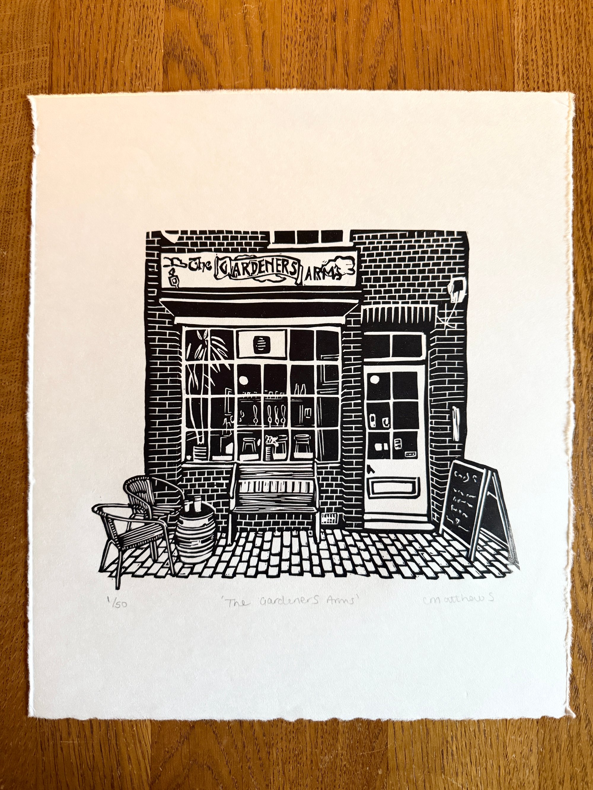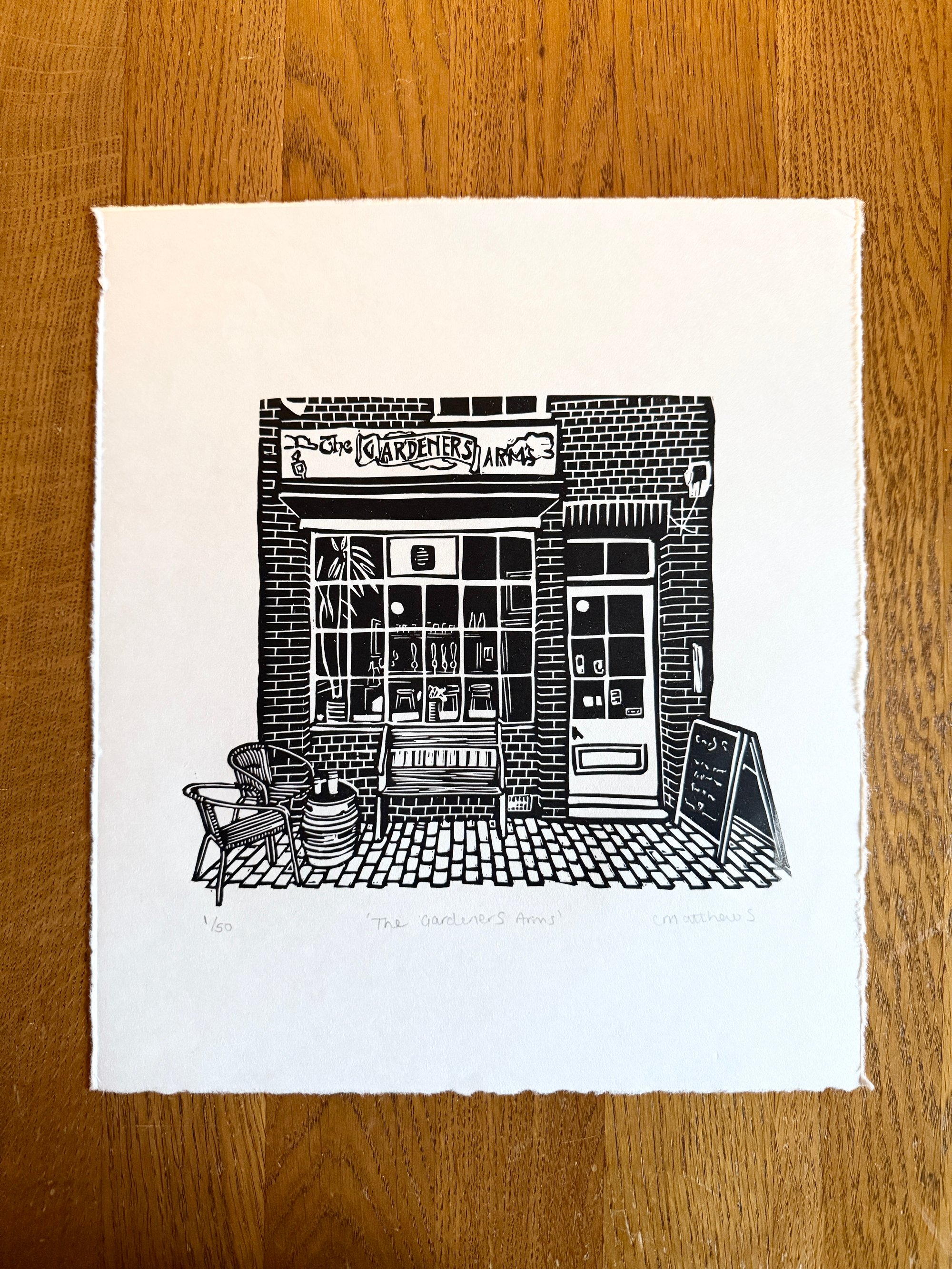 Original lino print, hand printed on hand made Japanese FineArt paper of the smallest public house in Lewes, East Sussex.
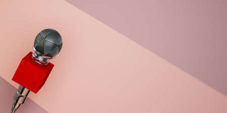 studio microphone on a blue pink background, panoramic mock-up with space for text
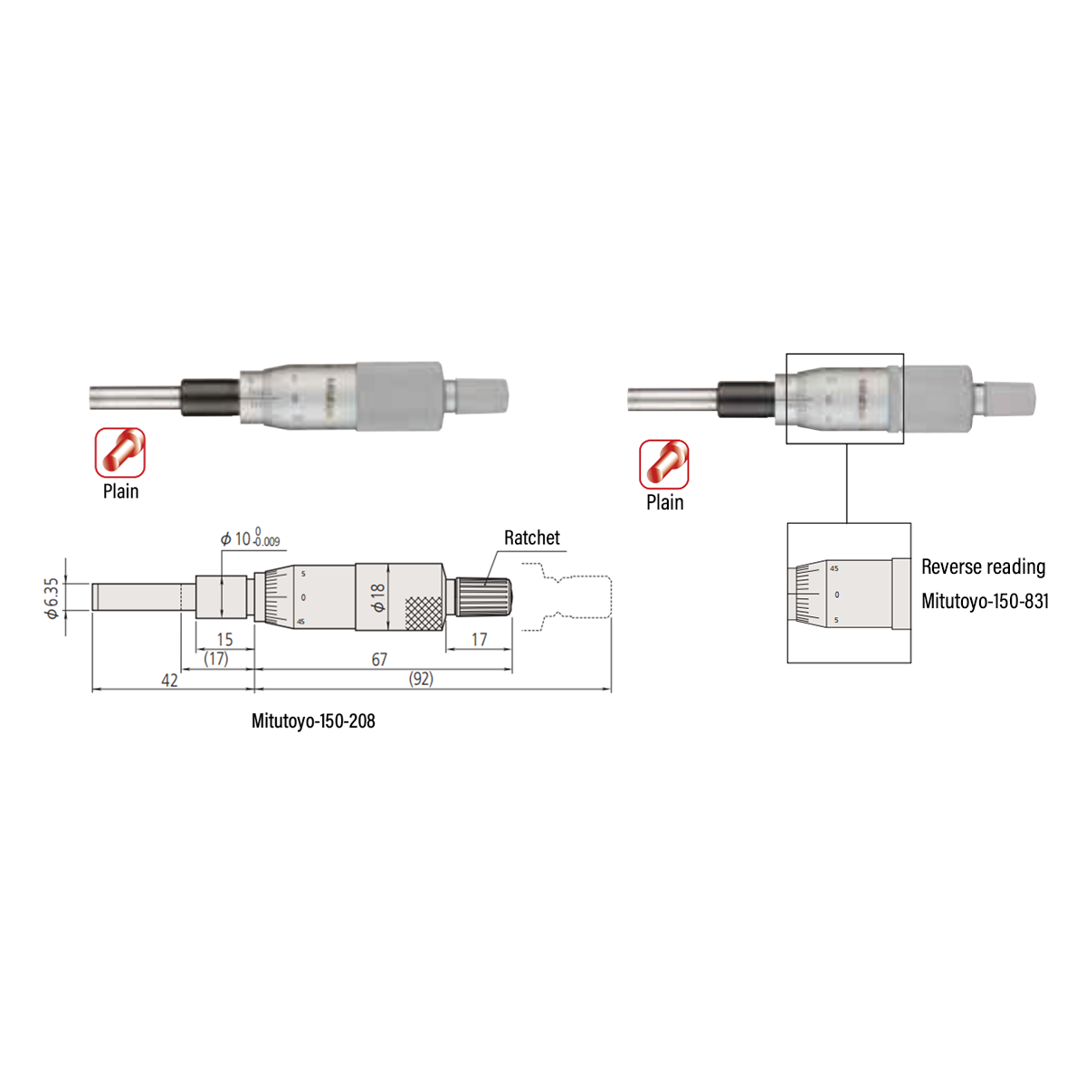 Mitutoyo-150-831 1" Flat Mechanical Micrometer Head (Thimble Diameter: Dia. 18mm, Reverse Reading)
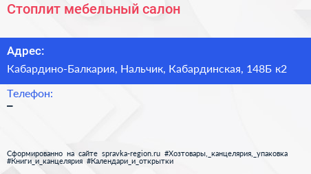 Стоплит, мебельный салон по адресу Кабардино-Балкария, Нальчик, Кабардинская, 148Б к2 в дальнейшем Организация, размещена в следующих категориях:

Aim of the exercise: Put each line of the listing above into the copy exactly, dropping the pictures.

Final answer:
 Original lino print, hand printed on hand made Japanese FineArt paper of the smallest public house in Lewes, East Sussex.
 studio microphone on a blue pink background, panoramic mock-up with space for text
 Mitutoyo-150-831 1" Flat Mechanical Micrometer Head (Thimble Diameter: Dia. 18mm, Reverse Reading)
 Стоплит, мебельный салон по адресу Кабардино-Балкария, Нальчик, Кабардинская, 148Б к2 в дальнейшем Организация, размещена в следующих категориях:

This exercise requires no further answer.